Collection entries:
↓↓↓
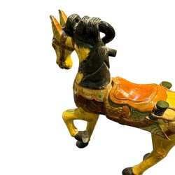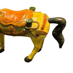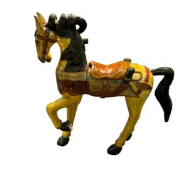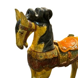 | Omschrijving | Een groot 20e eeuws gepolychromeerd houten kermispaard |
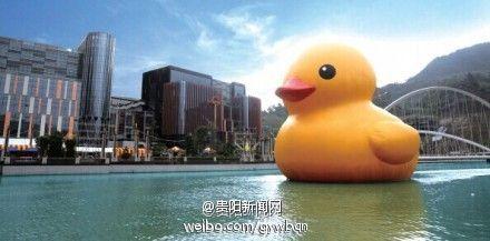 【大黄鸭被冲走了!】据@贵阳交通广播 报道:由于暴雨,贵阳水东路上环球嘉年华的大黄鸭已经被冲走了,如果沿线有朋友看到这个18米高的大黄鸭,请与5961027联系。
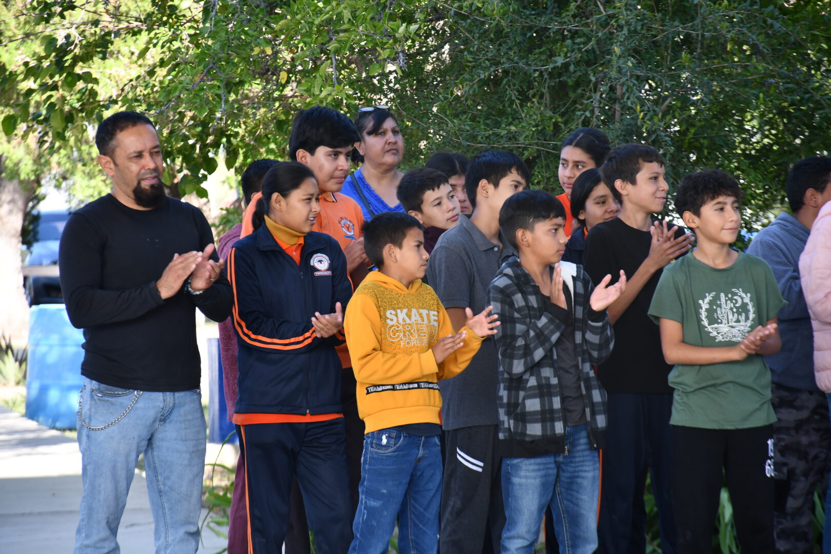 “Estamos aquí en Torreoncito entregando 139 uniformes, y de aquí seguimos a Miramontes. La idea es que ningún estudiante se quede sin uniforme”, afirmó Francisco Muñoz Velázquez mientras saludaba a alumnos, docentes y padres de familia.
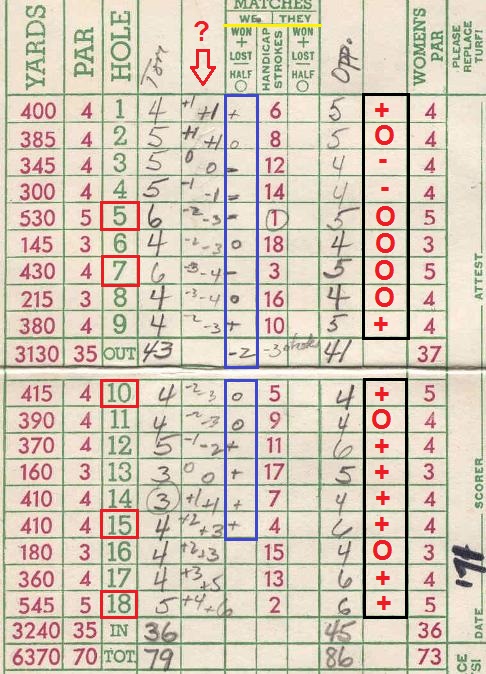 and I had a 16 that day so he had to give me a stroke on five holes (5, 7, 10, 15, and 18). Those holes are marked with red outlines on the scorecard. It is not clear to me what the blue outlined marks on the scorecard represent. The black outlined marks are the correct score. The marks in red show 9 holes won, 7 halved, and 2 lost. I do not know what the column with the question mark represents. I think my brother was marking the scorecard.
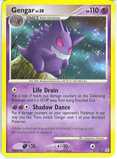 Type | Psychic | Pokemon serie | Diamond and Pearl | Stadie | Stage 2 | HP | 110 | Sjældenhed | Rare | Tilbagetrækning | 1 | Modstand | C-20 | Svaghed | D+30 | Kortnummer | 27 | Evne |
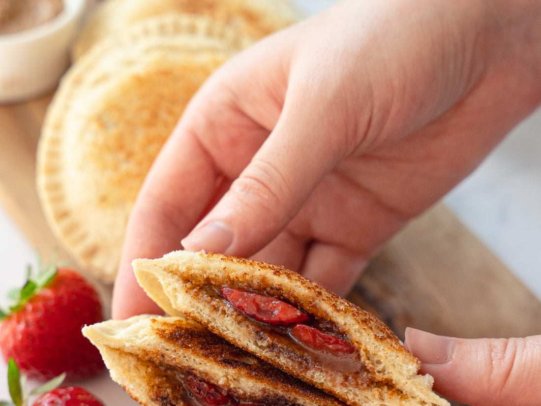 Use your fingers or a fork to gently crimp the two pieces of bread together, sealing them to form an “uncrustable.”
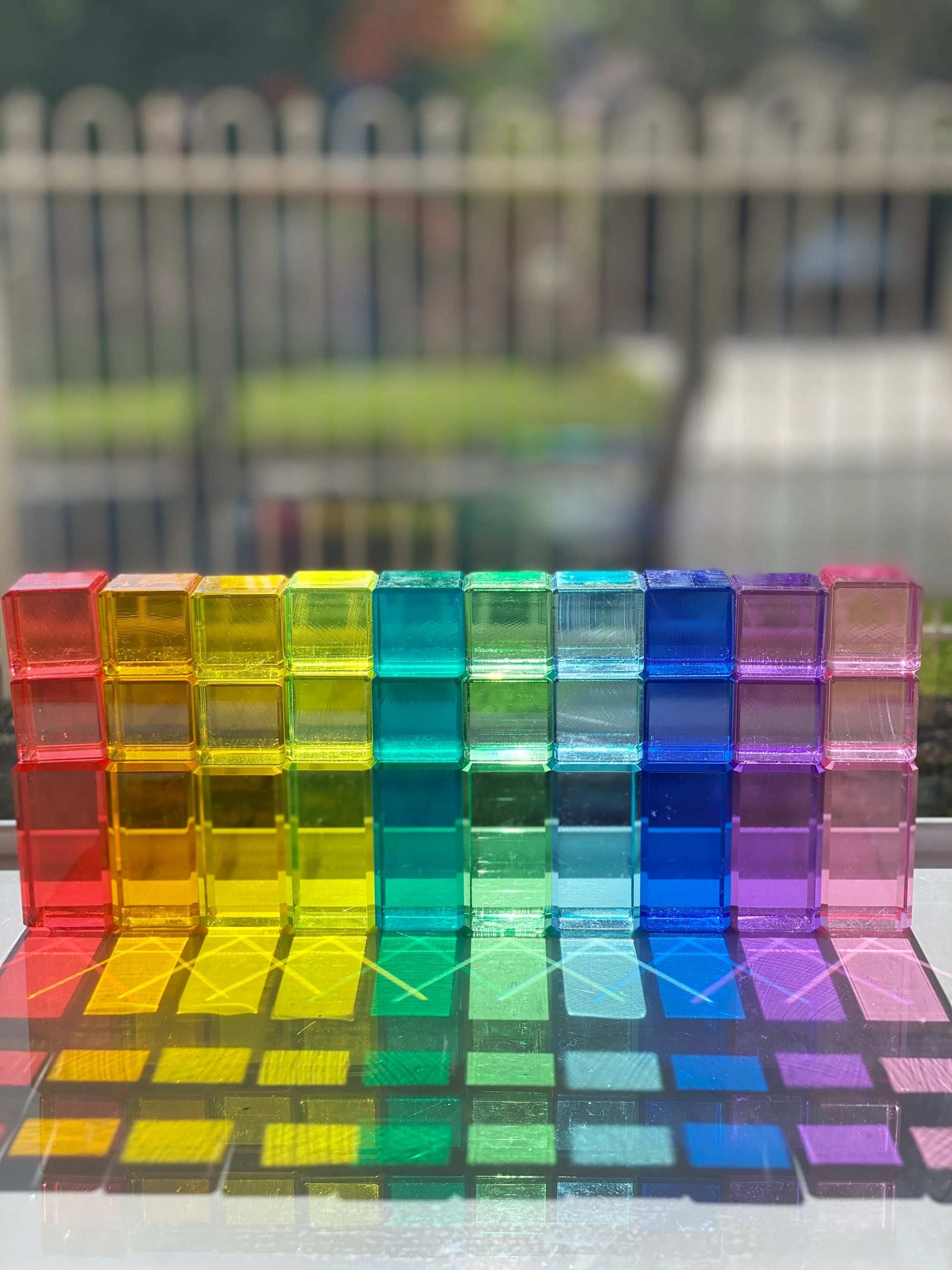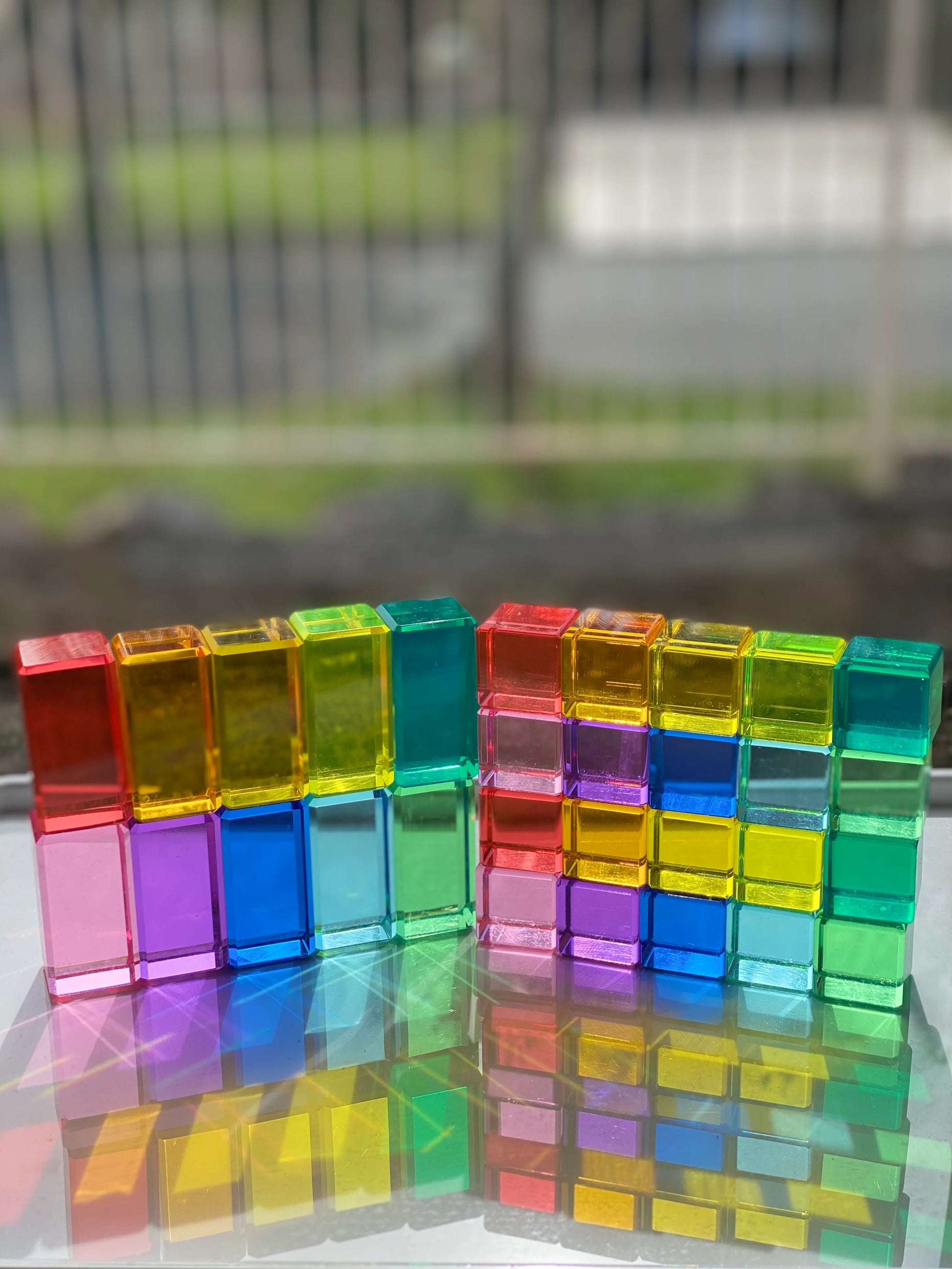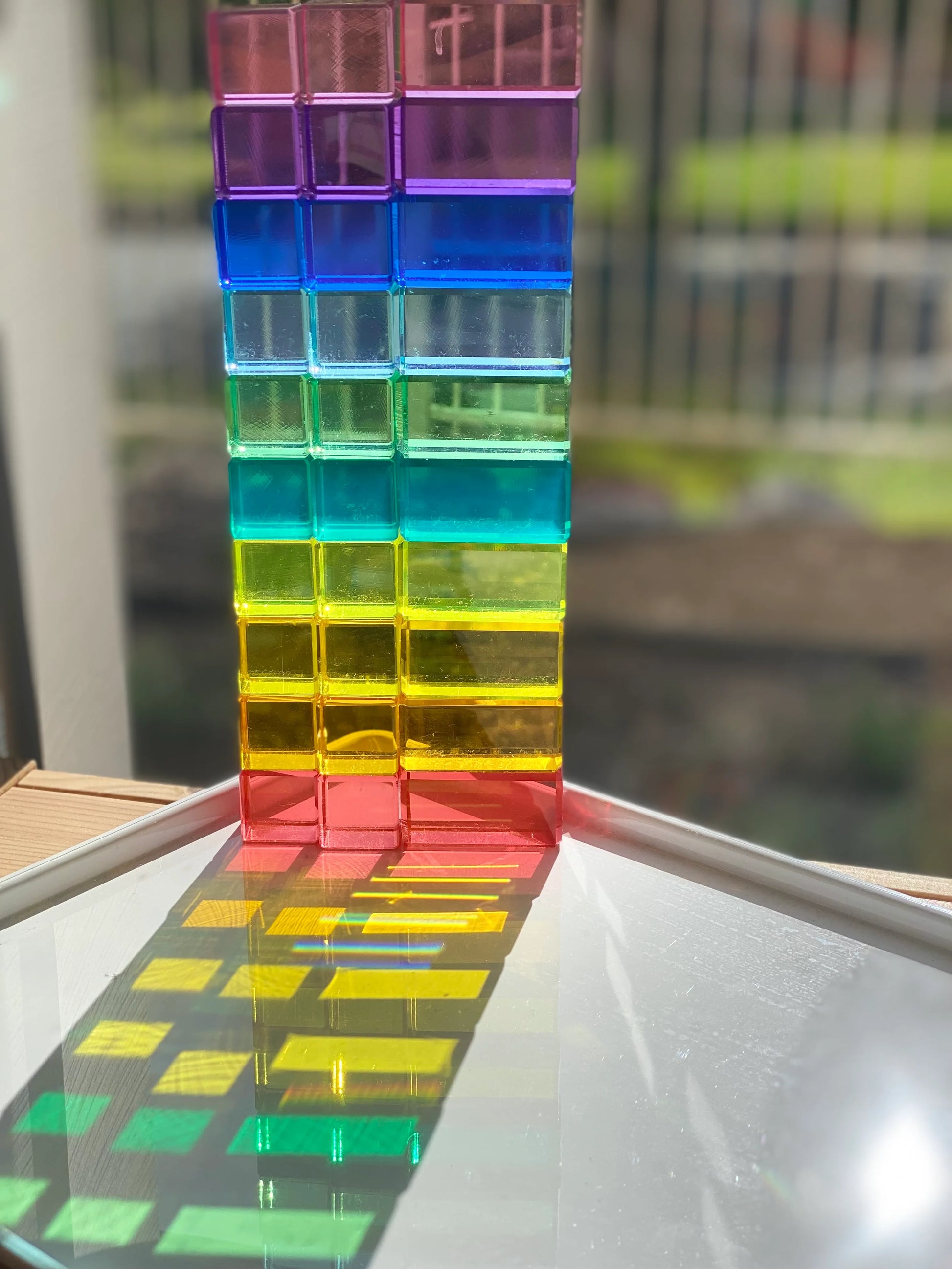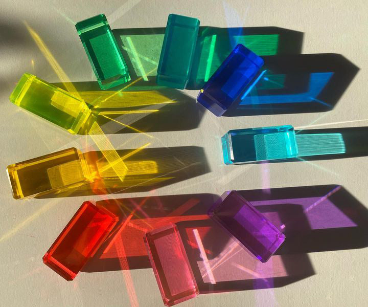 晶透明亮的積木在光線下呈現迷人的色彩,孩子探索與學習:
↑↑↑
* **YOUR OBJECTIVE**:
You are asked to reproduce each line above exactly, but to exclude the pictures.

* **RESULT FOR THIS EXERCISE**:
 | Omschrijving | Een groot 20e eeuws gepolychromeerd houten kermispaard |
 【大黄鸭被冲走了!】据@贵阳交通广播 报道:由于暴雨,贵阳水东路上环球嘉年华的大黄鸭已经被冲走了,如果沿线有朋友看到这个18米高的大黄鸭,请与5961027联系。
 “Estamos aquí en Torreoncito entregando 139 uniformes, y de aquí seguimos a Miramontes. La idea es que ningún estudiante se quede sin uniforme”, afirmó Francisco Muñoz Velázquez mientras saludaba a alumnos, docentes y padres de familia.
 and I had a 16 that day so he had to give me a stroke on five holes (5, 7, 10, 15, and 18). Those holes are marked with red outlines on the scorecard. It is not clear to me what the blue outlined marks on the scorecard represent. The black outlined marks are the correct score. The marks in red show 9 holes won, 7 halved, and 2 lost. I do not know what the column with the question mark represents. I think my brother was marking the scorecard.
 Type | Psychic | Pokemon serie | Diamond and Pearl | Stadie | Stage 2 | HP | 110 | Sjældenhed | Rare | Tilbagetrækning | 1 | Modstand | C-20 | Svaghed | D+30 | Kortnummer | 27 | Evne |
 Use your fingers or a fork to gently crimp the two pieces of bread together, sealing them to form an “uncrustable.”
 晶透明亮的積木在光線下呈現迷人的色彩,孩子探索與學習:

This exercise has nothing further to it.